使用数据库连接的 PHPUnit 模拟函数 [英] PHPUnit Mocking functions which use Database Connection
问题描述
我是 PHPUnit 的新手,我正在尝试测试需要从数据库中获取所有任务的函数 getAllTasks().我尝试了一切,但我只是让我的代码更糟.所以请帮我解决这个问题.TaskTest.php 是我试图进行测试但它不起作用的东西.并且确定是否有更好的方法来做某事,我也喜欢学习新东西.这是我的代码:
I am new to using PHPUnit and i am trying to test function getAllTasks() which need to fetch all tasks from database. I tried everything but i am just making my code worse. So please help me to solve the problem. TaskTest.php is something i tried to make test but it dont works. And sure if there are better ways to do something, i like to learn new stuff too. Here is my code:
我更改了 TaskTest.php 的代码,并设法通过了测试.有人可以告诉我这是否是测试此功能的好方法,或者有更好的方法吗?谢谢!
I changed code for TaskTest.php and i managed to get test pass. Can someone please tell me if this is good way to test this function, or there are better ways?
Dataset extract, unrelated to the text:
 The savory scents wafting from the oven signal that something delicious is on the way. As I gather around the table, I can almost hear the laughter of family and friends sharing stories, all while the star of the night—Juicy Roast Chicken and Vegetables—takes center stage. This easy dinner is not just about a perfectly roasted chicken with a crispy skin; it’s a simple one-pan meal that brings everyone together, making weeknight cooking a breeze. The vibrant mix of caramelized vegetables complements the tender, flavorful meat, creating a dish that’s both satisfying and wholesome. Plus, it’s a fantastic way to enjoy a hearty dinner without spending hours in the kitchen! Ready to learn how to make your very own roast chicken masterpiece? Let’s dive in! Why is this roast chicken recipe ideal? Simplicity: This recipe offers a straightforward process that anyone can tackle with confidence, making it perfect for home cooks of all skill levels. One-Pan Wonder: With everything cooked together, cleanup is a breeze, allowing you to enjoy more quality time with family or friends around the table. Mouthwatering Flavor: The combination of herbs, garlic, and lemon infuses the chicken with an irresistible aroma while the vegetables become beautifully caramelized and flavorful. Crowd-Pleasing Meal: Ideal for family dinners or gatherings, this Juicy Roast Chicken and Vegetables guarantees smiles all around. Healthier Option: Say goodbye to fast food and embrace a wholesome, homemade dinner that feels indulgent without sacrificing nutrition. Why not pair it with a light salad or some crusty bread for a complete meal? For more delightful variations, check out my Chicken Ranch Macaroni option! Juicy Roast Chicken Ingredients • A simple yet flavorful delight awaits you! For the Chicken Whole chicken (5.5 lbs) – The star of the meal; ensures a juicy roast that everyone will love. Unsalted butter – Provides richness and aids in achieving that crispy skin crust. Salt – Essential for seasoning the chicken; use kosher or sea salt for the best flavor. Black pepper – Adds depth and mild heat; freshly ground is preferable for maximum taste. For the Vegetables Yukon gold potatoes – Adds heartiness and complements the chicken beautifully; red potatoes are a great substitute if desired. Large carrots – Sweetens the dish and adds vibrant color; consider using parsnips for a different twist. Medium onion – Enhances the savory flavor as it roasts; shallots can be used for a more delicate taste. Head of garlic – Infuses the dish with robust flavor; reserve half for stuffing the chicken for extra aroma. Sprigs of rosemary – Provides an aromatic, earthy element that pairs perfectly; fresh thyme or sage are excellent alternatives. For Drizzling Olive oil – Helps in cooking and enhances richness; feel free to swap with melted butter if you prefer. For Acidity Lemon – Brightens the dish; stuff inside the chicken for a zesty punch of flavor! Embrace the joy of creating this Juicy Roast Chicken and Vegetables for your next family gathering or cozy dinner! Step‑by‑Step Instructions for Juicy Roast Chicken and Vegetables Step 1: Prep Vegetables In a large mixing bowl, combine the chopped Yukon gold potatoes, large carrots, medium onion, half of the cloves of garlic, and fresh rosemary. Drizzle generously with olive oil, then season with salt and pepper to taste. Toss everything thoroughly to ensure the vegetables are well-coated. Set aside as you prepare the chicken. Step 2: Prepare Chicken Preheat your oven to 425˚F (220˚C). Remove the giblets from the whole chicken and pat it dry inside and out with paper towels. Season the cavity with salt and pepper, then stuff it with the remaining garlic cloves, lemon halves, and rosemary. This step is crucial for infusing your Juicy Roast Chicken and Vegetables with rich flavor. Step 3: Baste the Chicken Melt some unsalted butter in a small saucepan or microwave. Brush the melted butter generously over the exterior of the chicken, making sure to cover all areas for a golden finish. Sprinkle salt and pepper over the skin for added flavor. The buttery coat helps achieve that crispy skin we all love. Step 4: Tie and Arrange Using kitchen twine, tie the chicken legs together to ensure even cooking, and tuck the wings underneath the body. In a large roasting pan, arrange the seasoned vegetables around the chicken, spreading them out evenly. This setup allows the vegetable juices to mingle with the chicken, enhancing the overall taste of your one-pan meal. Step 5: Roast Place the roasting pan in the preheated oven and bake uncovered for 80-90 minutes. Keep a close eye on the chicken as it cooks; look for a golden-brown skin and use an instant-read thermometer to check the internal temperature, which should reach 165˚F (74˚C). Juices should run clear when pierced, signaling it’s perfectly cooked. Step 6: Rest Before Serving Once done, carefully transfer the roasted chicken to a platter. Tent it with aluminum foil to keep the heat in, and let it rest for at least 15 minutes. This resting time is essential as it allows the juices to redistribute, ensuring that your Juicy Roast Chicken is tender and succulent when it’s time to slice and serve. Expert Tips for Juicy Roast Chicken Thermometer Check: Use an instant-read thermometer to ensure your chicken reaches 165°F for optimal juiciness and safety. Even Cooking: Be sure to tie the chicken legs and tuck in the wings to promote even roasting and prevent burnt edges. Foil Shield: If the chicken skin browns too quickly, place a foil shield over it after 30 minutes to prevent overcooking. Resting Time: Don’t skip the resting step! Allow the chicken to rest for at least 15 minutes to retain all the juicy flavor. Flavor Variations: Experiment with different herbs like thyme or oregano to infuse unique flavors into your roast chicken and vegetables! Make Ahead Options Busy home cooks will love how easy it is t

Thanks!
任务.php
<?php
require_once 'Database.php';
class Task {
private $db;
public function __construct() {
$this->db = new Database;
}
public function getAllTasks() {
$this->db->query('SELECT * FROM tasks');
$results = $this->db->resultSet();
return $results;
}
}
数据库.php
<?php
class Database {
private $host = 'localhost';
private $user = 'root';
private $pass = '123456';
private $dbname = 'todolist';
private $dbh;
private $stmt;
private $error;
public function __construct(){
// Set DSN
$dsn = 'mysql:host=' . $this->host . ';dbname=' . $this->dbname;
$options = array(
PDO::ATTR_PERSISTENT => true,
PDO::ATTR_ERRMODE => PDO::ERRMODE_EXCEPTION
);
// Create PDO instance
try {
$this->dbh = new PDO($dsn, $this->user, $this->pass, $options);
} catch(PDOException $e){
$this->error = $e->getMessage();
echo $this->error;
}
}
public function query($sql){
$this->stmt = $this->dbh->prepare($sql);
$this->execute();
}
public function execute(){
return $this->stmt->execute();
}
public function resultSet(){
$this->execute();
return $this->stmt->fetchAll(PDO::FETCH_ASSOC);
}
}
TaskTest.php
TaskTest.php
<?php
require_once './src/Task.php';
require_once './src/Database.php';
use PHPUnit\Framework\TestCase;
class TaskTest extends TestCase {
public function testGetAllTasks() {
$table = array(
array(
'task_id' => '1',
'task_desc' => 'Task One Test'
),
array(
'task_id' => '2',
'task_desc' => 'Task Two Test'
)
);
$dbase = $this->getMockBuilder('Database')
->getMock();
$dbase->method('resultSet')
->will($this->returnValue($table));
$expectedResult = [
'task_id' => '1',
'task_desc' => 'Task One Test',
];
$task = new Task();
$actualResult = $task->getAllTasks();
$this->assertEquals($expectedResult, $actualResult[0]);
}
}
推荐答案
您将模拟传递给 Task
类构造函数,但它不会对它做任何事情.
You pass the mock to the Task
class constructor, but it doesn't do anything with it.
$task = new Task($resultSetMock);
更新了代码以便使用:
class Task {
private $db;
public function __construct( ?Database $db = null ) {
// set the db if none is provided
if( is_null($db) )
{
$db = new Database;
}
$this->db = $db;
}
// ...
}
这篇关于使用数据库连接的 PHPUnit 模拟函数的文章就介绍到这了,希望我们推荐的答案对大家有所帮助,也希望大家多多支持IT屋!